_What the task requires_
Could you set down the listing below exactly and omit its images?

_Provided data_
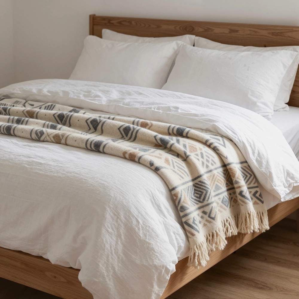 Пледы из Уэльса с их геометрическими узорами и плотной фактурой вдруг стали must-have. Они не только греют, но и задают ритм комнате. Их можно накинуть на диван, использовать как покрывало на кровать или даже повесить на стену как панно.
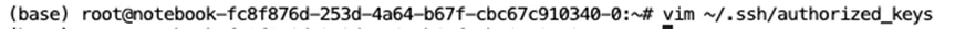 不过,我们发现,这个 gradio 是默认在服务器的 http://0.0.0.0:7860 上跑,要想在自己本地的浏览器用,得先把自己的 ssh 公共秘钥加入到潞晨云的机器中。这一步也很简单,只要进入下面这个文件,粘贴本地机器的秘钥进去就行。
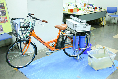 シクロクリーンは、塩素殺菌機能付き自転車搭載型緊急用浄水装置です。 地震などの災害による断水時に、河川や池・学校のプール・防火用水・風呂の残り湯などを水源に、自転車を漕ぐだけで、1時間に180人分の飲料水を造り出すことができます。 |

_Response to the task_
 Пледы из Уэльса с их геометрическими узорами и плотной фактурой вдруг стали must-have. Они не только греют, но и задают ритм комнате. Их можно накинуть на диван, использовать как покрывало на кровать или даже повесить на стену как панно.
 不过,我们发现,这个 gradio 是默认在服务器的 http://0.0.0.0:7860 上跑,要想在自己本地的浏览器用,得先把自己的 ssh 公共秘钥加入到潞晨云的机器中。这一步也很简单,只要进入下面这个文件,粘贴本地机器的秘钥进去就行。
 シクロクリーンは、塩素殺菌機能付き自転車搭載型緊急用浄水装置です。 地震などの災害による断水時に、河川や池・学校のプール・防火用水・風呂の残り湯などを水源に、自転車を漕ぐだけで、1時間に180人分の飲料水を造り出すことができます。 |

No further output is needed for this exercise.